The aggregate number and percentage of the Class A Common Stock beneficially owned by the Reporting Person and, for such Reporting Person, the number of shares as to which there is sole power to vote or to direct the vote, shared power to vote or to direct the vote, sole power to dispose or to direct the disposition, or shared power to dispose or to direct the disposition are set forth on rows 7 through 11 and row 13 of the cover pages of this Schedule 13D and are incorporated herein by reference. | |
(b) | The aggregate number and percentage of the Class A Common Stock beneficially owned by the Reporting Person and, for such Reporting Person, the number of shares as to which there is sole power to vote or to direct the vote,shared power to vote or to direct the vote, sole power to dispose or to direct the disposition, or shared power to dispose or to direct the disposition are set forth on rows 7 through 11 and row 13 of the cover pages of this Schedule 13D and are incorporated herein by reference. | |
(c) | Information concerning transactions in the Class A Common Stock effected by the Reporting Persons during the past sixty days is set forth in Annex A hereto and is incorporated by reference herein. | |
(d) | The advisory clients of BAMCO and BCM have the right to receive or the power to direct the receipt of dividends from, or the proceeds from the sale of, the Issuer's common stock in their accounts.

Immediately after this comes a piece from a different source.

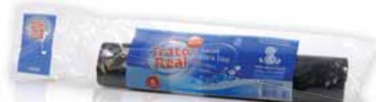
Sacos Lixo Garbage Bags Sacs à Ordures Bolsa Basura

55x55, 30 Lt, 15 un Un. p/Cx: 5x10 Cód.: 5600441669214

To the best of the Reporting Persons' knowledge, no such person has such interest relating to more than 5% of the outstanding class of securities. | |
(e) | Not applicable. | |
Item 6. | Contracts, Arrangements, Understandings or Relationships With Respect to Securities of the Issuer | |
Not applicable. | ||
Item 7. | Material to be Filed as Exhibits. | |
99.1 Trading Schedule
99.2 Letter from the Reporting Persons to Issuer, dated as of December 31, 2024 |
SIGNATURE | |
After reasonable inquiry and to the best of my knowledge and belief, I certify that the information set forth in this statement is true, complete and correct.